- Directed by: Lyndon Chubbuck
- Written by: Angela Workman
- Produced by: Douglas Berquist Alistair MacLean-Clark
- Starring: Anna Friel Brenda Fricker Aden Young Loren Dean Molly Parker
- Cinematography: Ron Orieux
- Edited by: Alan Strachan
- Music by: John Sereda
- Release date: March 23, 2001;
- Running time: 103 minutes
- Countries: Canada United Kingdom
- Language: English
- Budget: $5 million

= The War Bride =

2001 Canadian-British film by Lyndon Chubbuck

The War Bride is a 2001 drama film directed by Lyndon Chubbuck and written by Angela Workman. It is a Canadian–British co-production.
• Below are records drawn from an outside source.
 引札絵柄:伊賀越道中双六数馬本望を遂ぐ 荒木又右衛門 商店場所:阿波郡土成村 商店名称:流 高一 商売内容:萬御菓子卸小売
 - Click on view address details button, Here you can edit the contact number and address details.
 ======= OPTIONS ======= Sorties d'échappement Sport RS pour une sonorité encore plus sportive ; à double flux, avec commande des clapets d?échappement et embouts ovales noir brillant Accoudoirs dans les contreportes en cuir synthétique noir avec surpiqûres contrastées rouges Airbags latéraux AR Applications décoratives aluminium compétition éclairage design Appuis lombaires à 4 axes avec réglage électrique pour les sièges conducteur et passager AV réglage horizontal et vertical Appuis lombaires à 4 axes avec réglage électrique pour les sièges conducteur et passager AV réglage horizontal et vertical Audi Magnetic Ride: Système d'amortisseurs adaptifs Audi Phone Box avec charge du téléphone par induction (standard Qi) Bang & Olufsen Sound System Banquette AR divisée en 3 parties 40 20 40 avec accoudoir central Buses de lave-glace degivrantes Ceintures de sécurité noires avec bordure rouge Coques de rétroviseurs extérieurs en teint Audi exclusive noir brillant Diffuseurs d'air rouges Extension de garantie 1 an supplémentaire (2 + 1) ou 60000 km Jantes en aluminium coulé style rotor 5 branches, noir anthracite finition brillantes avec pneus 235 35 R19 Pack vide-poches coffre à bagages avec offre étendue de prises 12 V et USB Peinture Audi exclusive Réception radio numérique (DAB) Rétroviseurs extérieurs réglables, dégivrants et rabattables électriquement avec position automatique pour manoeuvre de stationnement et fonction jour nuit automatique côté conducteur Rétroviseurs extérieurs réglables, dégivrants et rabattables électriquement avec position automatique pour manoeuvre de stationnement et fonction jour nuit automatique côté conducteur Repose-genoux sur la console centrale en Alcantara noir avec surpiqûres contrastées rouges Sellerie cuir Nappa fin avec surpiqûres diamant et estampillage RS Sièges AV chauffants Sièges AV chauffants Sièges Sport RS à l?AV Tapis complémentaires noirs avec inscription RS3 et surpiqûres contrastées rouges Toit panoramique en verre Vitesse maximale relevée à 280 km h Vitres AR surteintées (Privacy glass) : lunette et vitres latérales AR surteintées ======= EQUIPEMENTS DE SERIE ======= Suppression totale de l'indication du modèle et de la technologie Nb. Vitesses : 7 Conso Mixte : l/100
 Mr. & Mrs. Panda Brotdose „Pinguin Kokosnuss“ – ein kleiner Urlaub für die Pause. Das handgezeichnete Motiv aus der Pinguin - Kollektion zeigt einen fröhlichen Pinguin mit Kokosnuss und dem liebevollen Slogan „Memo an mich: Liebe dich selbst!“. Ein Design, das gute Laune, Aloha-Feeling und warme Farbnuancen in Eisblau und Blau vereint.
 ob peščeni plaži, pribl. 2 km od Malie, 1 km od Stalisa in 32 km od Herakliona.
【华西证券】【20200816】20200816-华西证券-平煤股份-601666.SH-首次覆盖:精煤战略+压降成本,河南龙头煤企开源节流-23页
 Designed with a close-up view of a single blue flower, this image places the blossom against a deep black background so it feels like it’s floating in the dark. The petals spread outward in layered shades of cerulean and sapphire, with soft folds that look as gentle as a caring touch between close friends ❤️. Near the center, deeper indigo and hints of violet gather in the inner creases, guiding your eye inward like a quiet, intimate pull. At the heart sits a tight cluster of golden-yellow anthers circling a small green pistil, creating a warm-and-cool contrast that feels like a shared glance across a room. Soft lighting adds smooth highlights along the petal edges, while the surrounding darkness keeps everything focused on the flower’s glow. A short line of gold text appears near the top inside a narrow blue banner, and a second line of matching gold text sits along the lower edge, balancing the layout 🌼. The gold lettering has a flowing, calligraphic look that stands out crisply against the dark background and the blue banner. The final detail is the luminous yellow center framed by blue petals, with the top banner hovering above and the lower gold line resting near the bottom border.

The film stars Anna Friel as Lily and Julie Cox as Sophie, two young women from London, England, who marry Canadian soldiers (Aden Young and Benjamin Boyd) during World War II, and move to Canada as war brides. The film's cast also includes Brenda Fricker, Loren Dean, Caroline Cave and Molly Parker.

==Plot summary==
In 1941, during World War II, Lily meets Charlie, a Canadian soldier in a bar. They meet during a dance that Lily is attending with her friend Sophie. They quickly fall in love and get married. Lily finds out she's pregnant just as Charlie is being shipped off and has the baby alone in London. She and her friend Sophie, who has also married a French Canadian soldier named Louie (Benjamin Boyd), get shipped off of to Canada under the War Brides program. Lily and her daughter arrive at Charlie's childhood home to find his surly mother, handicapped sister and a home on a remote farm. Charlie's mother and sister Sylvia don't take too kindly to Lily as she appears to be a fast woman from the big city. Lily tries really hard to win over her mother-in-law and sister-in-law with little success. There is also Peggy, who was Charlie's ex-girlfriend who resents Lily's presence as well.
Sophie comes to visit Lily and realizes that her living arrangements are less than favorable. She notices the open hostility from Charlie's mother and Sylvia and is the recipient of it as well. Sophie's husband is rich, so she arrives in a hired car wearing a fur coat an obvious sign of her wealth. This does not settle well with Charlie's mom or Sylvia. Sophie offers to take Lily to Montreal so that she can be in a better environment. Lily refuses and says that while she hates being there most days, she will tough it out.

Peggy's brother Joe is the object of Sylvia's affection but she is hesitant in her relationship with him because she is self-conscious about her leg brace, which is a result of polio as a child. Joe seems a little enamored with Lily. Lily attempts to show Sylvia how to dance and shows her some dance steps. Lily invites Peggy, Joe and their mother to dinner one night and proceeds to show Joe some dance moves. Sylvia watches on jealously and later on tells Lily that she is a slut. Lily takes the baby and flees in the middle of the night to Joe's house, asking him to take her to the train station. He proceeds to kiss her passionately and Lily responds and then stops him, reminding him that she is married. Unbeknownst to them, Peggy is watching from her bedroom window and sees their passionate embrace. Lily returns home with her daughter.

Shortly after, Charlie returns home unannounced from the war. Lily is excited to see him but notices that he is withdrawn and emotionally detached. Sylvia and Joe have started a relationship. Joe, Peggy and their mother come over for dinner and while the two couples are dancing, Peggy reveals that she saw Joe and Lily kissing that night. Charlie lunges at Joe in a fit of rage and asks Lily if she was just using him to get out of London.

Sophie comes by and announces that she is going back to London because her husband was killed in the war. Lily asked Charlie how Lou was doing when he first got back and Charlie did not tell her that Lou had been captured and killed during the war.

Joe and Sylvia fall in love and embark on a relationship. The movie ends with Lily and Charlie sitting a top the water shed kissing and it is clear that they are feeling the love they felt when they first met.

==Cast==
- Anna Friel as Lily
- Brenda Fricker as Betty
- Aden Young as Charlie
- Loren Dean as Joe
- Molly Parker as Sylvia
- Julie Cox as Sophie
- Caroline Cave as Peggy
- Keeley Gainey as Moira
- Claudie Blakley as Rosie
- Benjamin Boyd as Louie (as Ben Weinberger)
- Dorothy A. Haug as Mrs. Clarke
- Petina Hapgood as Sal
- Lynda Boyd as Dee Dee

==Awards==
The film garnered seven Genie Award nominations at the 22nd Genie Awards:
- Best Picture
- Best Actress (Friel)
- Best Supporting Actor (Dean)
- Best Supporting Actress (Fricker, Parker)
- Art Direction/Production Design (Ken Rempel)
- Costume Design (Howard Burden)
It won the awards for Art Direction/Production Design and Costume Design.